İLERİ SÜRÜLEN İSTİNAF SEBEPLERİ: Davalı vekili istinaf başvuru dilekçesinde, dava dışı …’nin zaten anılan teminat mektubunu davacının borcu için verdiğini, Vakıfbank’ın bu teminat mektubuna ilişkin bir ödeme yapması durumunda, yaptığı ödemeyi davacıdan tahsil edeceğini, yani borcun davacının borcu olduğunu, TBK m.141 hükmünde; “Üçüncü kişi yararına borçlanan kişi, bu borcu ile sözleşmenin diğer tarafından olan alacağını takas edemez.” denildiğini, somut olayda üçüncü kişi yararına borçlanan kişinin … olduğunu, dolayısıyla müvekkilinin …’tan bir alacağı olsa ve bu alacağını tahsil etmeye çalışsa, …’ın takas def’iinde bulunmasının mümkün olmadığını, çünkü …’ın müvekkilinden bir alacağının bulunmadığını, lehine borçlandığı davacının alacağını da def’i olarak ileri sürmesinin mümkün olmadığını, buna karşın davacının müvekkilinden alacak talebinde bulunması durumunda, müvekkilinin …’ın teminat mektubu dolayısıyla ödemek zorunda olduğu alacağı takas def’i olarak ileri sürebileceğini, çünkü …’ın zaten davacının borcu için o teminat mektubunu verdiğini, bir kimsenin zaten borçlu olduğu kişiden alacak talebinde bulunmasını kanun koyucunun doğru bulmadığını, dürüstlük kuralı gereği de bu durumun mümkün olmaması gerektiğini, … tarafından davacının borcu için davalıya verilen teminat mektubundan kaynaklanan alacağa dair açılan davaların derdest olduğunu, dolayısıyla müvekkilinin davalıdan alacaklı bulunduğunu ve bu alacak için verilen teminat mektubunu tahsil etmeye çalıştığını, bir yandan ise davacının müvekkilinden çok daha düşük miktarda bir alacak talebinde bulunduğunu, bu durumda müvekkilinin takas def’inin dinlenilmemesi için hiçbir gerekçenin bulunmadığını, TBK m.139/2 hükmüne göre; “Alacaklardan biri çekişmeli olsa bile takas ileri sürülebilir.” dendiğini, bir yandan müvekkilinin davacıdan olan alacağını tahsil edebilmek için teminat mektubunu paraya çevirmeye çalışırken; bir yandan da davacıya ödeme yapmak zorunda bırakılmasının hukuk mantığı içinde kabulünün mümkün olmadığını ileri sürerek, yerel mahkemenin kararının istinaf incelemesi yapılarak kaldırılmasını ve davanın reddine karar verilmesini istemiştir.

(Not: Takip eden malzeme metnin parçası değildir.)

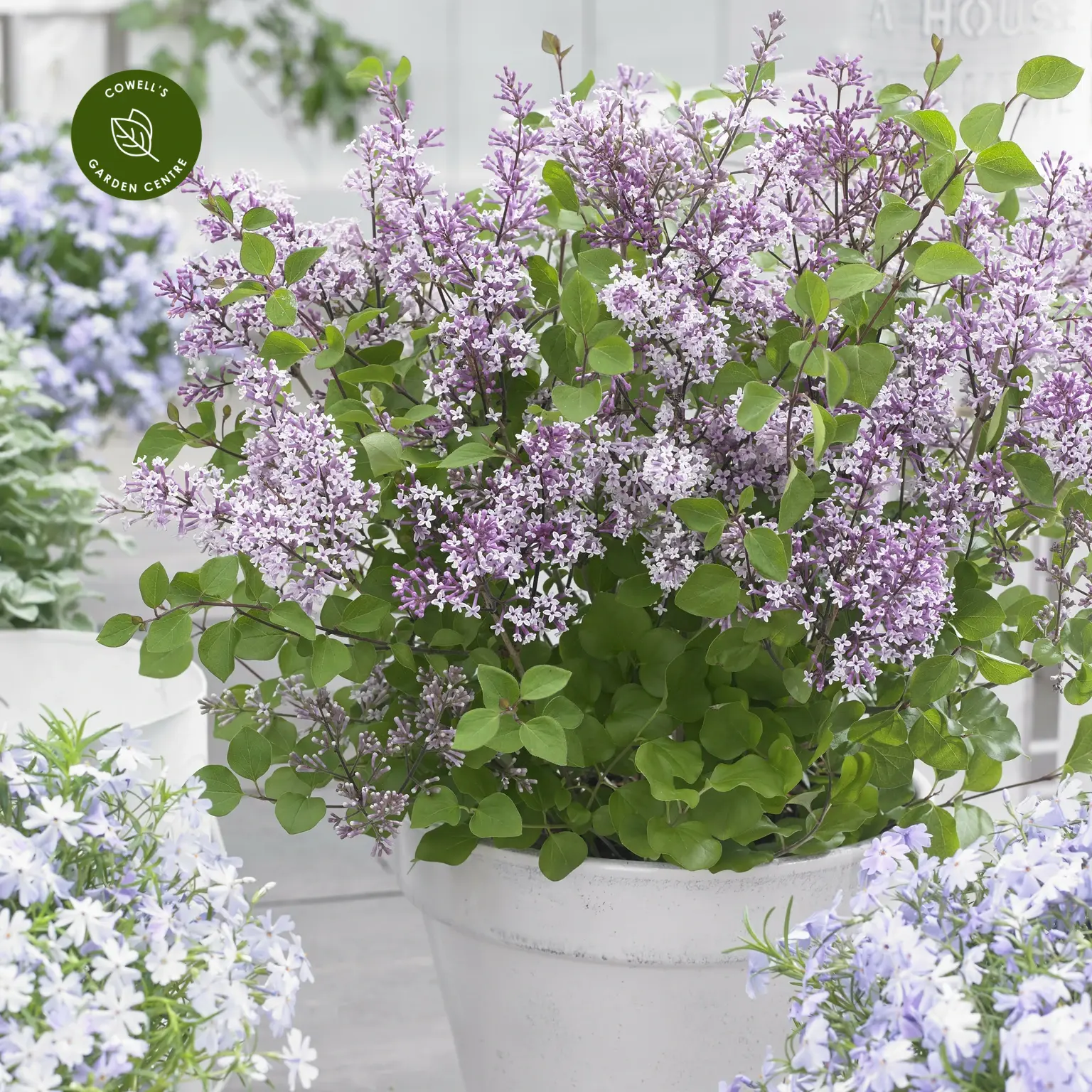 Syringa meyeri 'Flowerfesta® Purple' is a compact and free-flowering dwarf lilac, producing masses of rich purple, sweetly scented flowers in late spring. Its neat, rounded habit makes it ideal for smaller gardens, patios and container planting.

GEREKÇE : Dava, taşıma sözleşmesinden kaynaklanan alacağın tahsili amacıyla girişilen icra takibine vaki itirazın iptali istemine ilişkindir.
İnceleme, 6100 sayılı HMK’nın 355. madde hükmü uyarınca istinaf dilekçesinde belirtilen sebeplerle sınırlı olarak ve kamu düzenine aykırı hususların olup olmadığı gözetilerek yapılmıştır.
Dosya kapsamı, mevcut delil durumu ve ileri sürülen istinaf sebepleri dikkate alındığında mahkemenin vakıa ve hukuki değerlendirmesinde usul ve esas yönünden yasaya aykırılık bulunmadığı ve davalı tarafça gerek dava konusu icra takibine vaki itiraz dilekçesinde, gerekse de işbu davada sunduğu cevap dilekçesinde, sadece dava dışı … A.Ş. tarafından davacının taşıma sözleşmesi gereği kararlaştırılan yükümlülüklerini yerine getirmemesi ihtimaline karşı müvekkiline sunulan teminat mektubunun paraya çevrilmesi talebiyle açılan davaya nedeniyle doğacak alacağına dayanarak takas mahsup def’inde bulunduğu, TBK.’nın 139. maddesi uyarınca takas def’inde bulunulabilmesi için her iki tarafın da karşılıklı olarak birbirinden alacaklı ve birbirine borçlu olmalarının gerektiği, teminat mektuplarında ise garanti veren bankanın, asıl borçtan bağımsız asli bir borç yükümlendiği, davalıya karşı doğan bu borcun borçlusunun dava dışı … A.Ş. olduğu, dolayısıyla somut uyuşmazlıkta davalının takas mahsup def’inde bulunabilmesi için TBK.’nın 139. maddesi uyarınca gereken karşılıklılık şartın gerçekleşmediği, bu itibarla mahkemece davalının takas mahsup def’inin reddedilmesinde bir isabetsizliğin bulunmadığı anlaşılmakla, davalı vekilinin istinaf başvurusunun esas yönünden reddine dair hüküm kurmak gerekmiştir.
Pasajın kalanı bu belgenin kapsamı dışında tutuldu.